Senate Bill 644 would amend the Michigan Trust Fund Act to include the Michigan Community Revitalization Program as a permissible use of the 21st Century Jobs Trust Fund.
FISCAL IMPACT:
Senate Bills 566, 567, and 568 create the Community Revitalization Program, which would provide grants, loans, and other economic assistance for community revitalization investments and projects. The Community Revitalization Program would effectively replace the brownfield and historic preservation tax credit programs, which will be eliminated December 31, 2011. The Community Revitalization Program would continue the state's support for brownfield and historic preservation incentive programs in local communities throughout the state, albeit through loans and grants. Guidelines for the Community Revitalization Program were approved by the Michigan Strategic Fund (MSF) Board at their August meeting.[1]
The FY 2011-12 MSF budget included $100.0 million dedicated for Business Attraction and Economic Gardening. Of this amount, $50.0 million was appropriated in a line-item (fund sourced from $25.0 million GF/GP and $25.0 million from the 21st Century Jobs Trust Fund) and $50.0 million GF/GP was appropriated through a boilerplate appropriation, Section 1201, as "one-time" funding. By and large, these funds were intended to replace brownfield, historic preservation, and Michigan Economic Growth Authority (MEGA) tax incentives.[2]
The bills would require all funds appropriated for Community Revitalization Incentives to be placed in the 21st Century Jobs Trust Fund, thereby giving the MSF board the authority to allocate $100.0 million between the Community Revitalization, Michigan Business Development Programs and potentially other authorized uses. All interest earnings on the 21st Century Jobs Trust Fund would remain in the General Fund (See MCL 12.257). While the MSF board would have authority to determine how these funds are allocated between the programs, Section 1024 of the FY 2011-12 General Government budget requires that at least $20.0 million be appropriated for brownfield and historic preservation incentives. Furthermore, the MSF board allocation authority is subject to statutory constraints in the MSF Act and Michigan Trust Fund Act.[3] Individual projects approved for loans or grant funding would be limited as is noted above in the summary of the bill.
Under the requirements of the bills, the MSF would realize increased costs associated with administering the Community Revitalization Program. To offset those costs, the bills provide that up to 4% of the annual appropriation for the Community Revitalization Program may be used for administrative expenses. However, only 3% may be used unless the board approves the additional 1% by a two-thirds vote.
Repayments of loans provided under the Community Revitalization Program would be deposited in the Jobs for Michigan Investment Fund.

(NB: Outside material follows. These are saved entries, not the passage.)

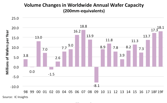 If all the new fab capacity expected to be brought on-line in 2019 happens as planned, the volume of capacity added that year will approach the record set in 2007.
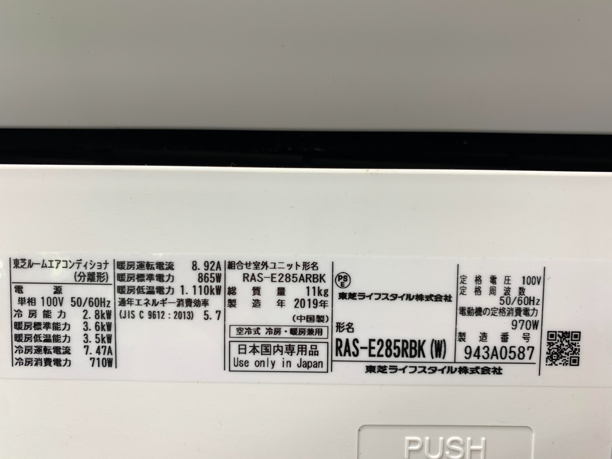 型番:RAS-E285RBK
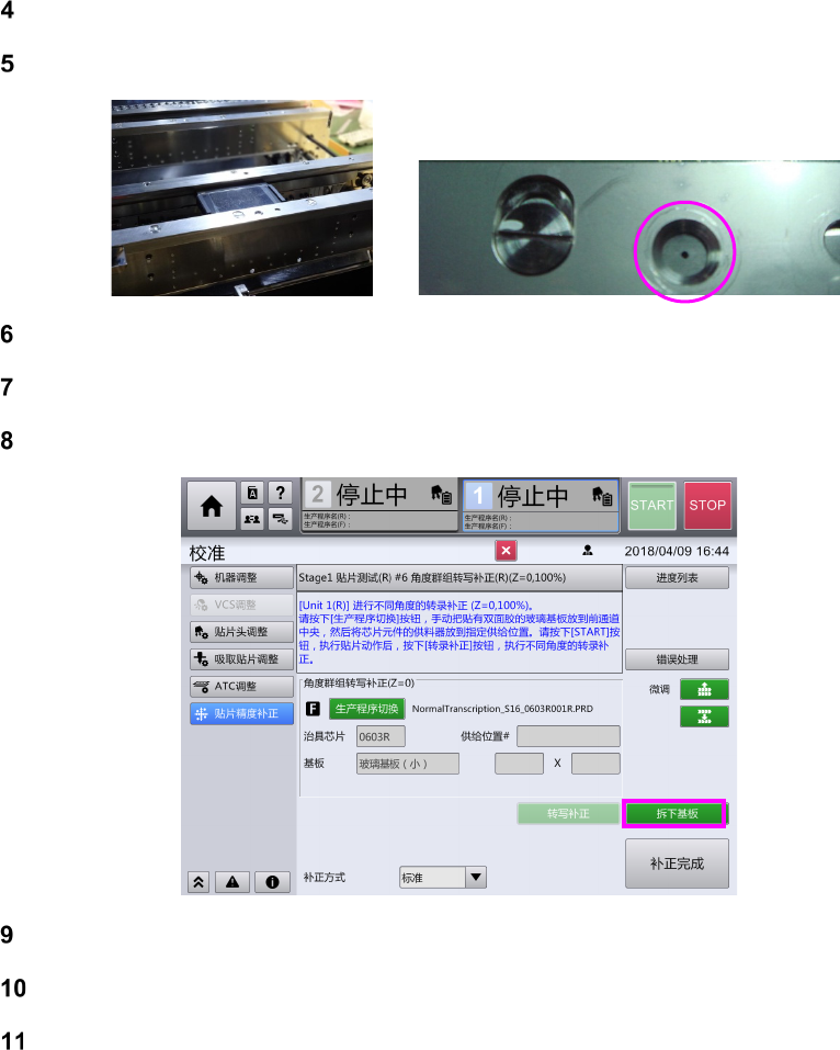 长按[START],开始贴装。贴装结束后,按[转写补正],执行补正。
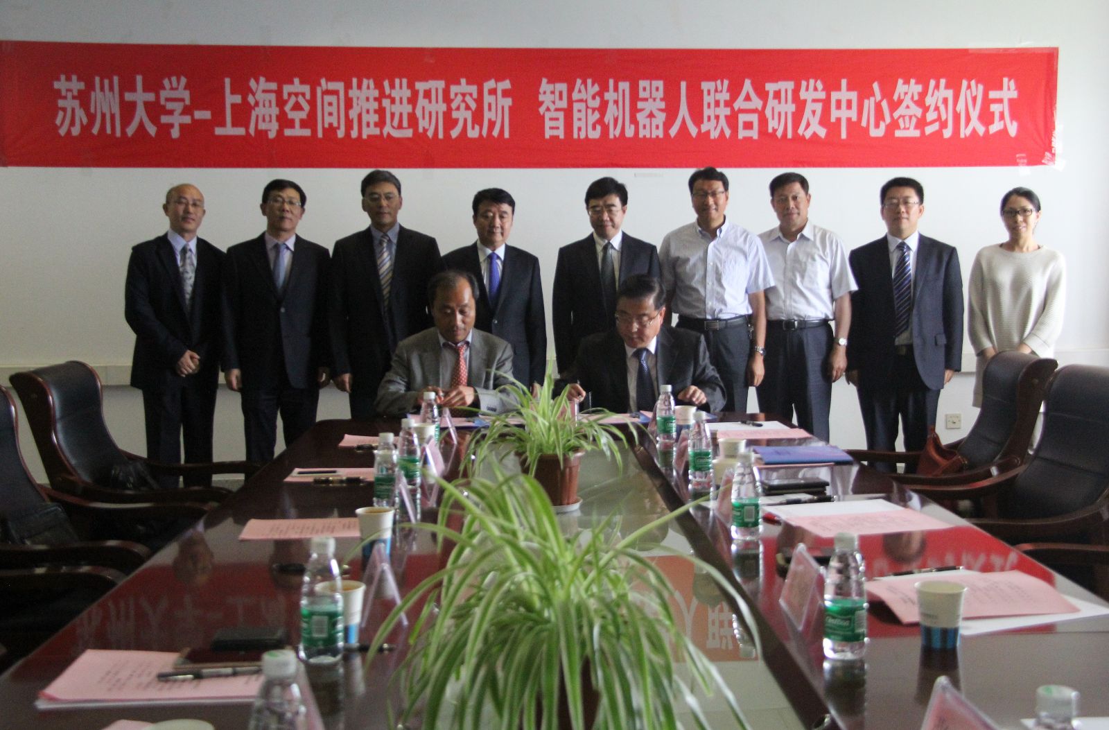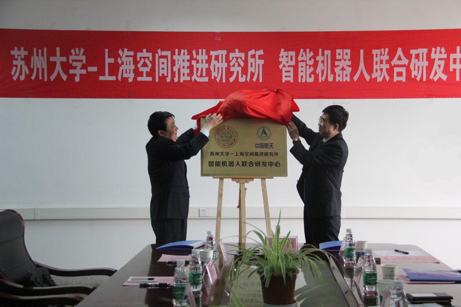 航天推进技术研究院、上海空间推进研究所、航天投资控股有限公司、上海航天动力科技工程有限公司、苏州大学党委办公室、科学技术与产业部、机电工程学院和机器人与微系统研究中心有关人员参加了签约揭牌仪式。
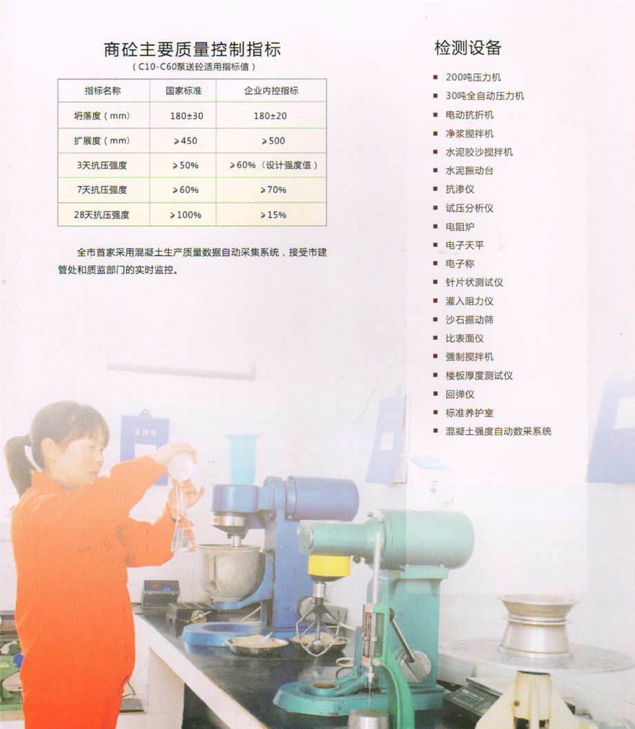 公司設有先進的實驗室,配備全套混凝土及原材料檢測試驗設備,配有專職的試驗、檢驗人員,可承擔混凝土的材料性能試驗,工藝質量控制、產(chǎn)品質量檢驗等全部試驗、檢驗項目,為確;炷临|量提供了可靠的保證。

The repayment funds would be restricted to further Community Revitalization Program incentives. It should be noted that the common cash earnings of the Jobs for Michigan Investment Fund are available for appropriation by the legislature. To the extent that repayments increase the balance of the fund, common cash earnings would increase correspondingly.
As noted earlier, Senate Bill 644, would amend the Michigan Trust Fund Act to include the Michigan Community Revitalization Program as a permissible use of the 21st Century Jobs Trust Fund.
Legislative Analyst: Chris Couch
Fiscal Analyst: Ben Gielczyk
■ This analysis was prepared by nonpartisan House staff for use by House members in their deliberations, and does not constitute an official statement of legislative intent.
[1] See http://www.michiganadvantage.org/cm/files/Michigan-Community-Revitalization-Program-Guidelines.pdf
[2] MEGA tax incentives are scheduled to be replaced with the Michigan Business Development Program (Senate Bill 556).
[3] Senate Bill 644 would allow the Community Revitalization Program to be an authorized use of the 21st Century Jobs Trust Fund.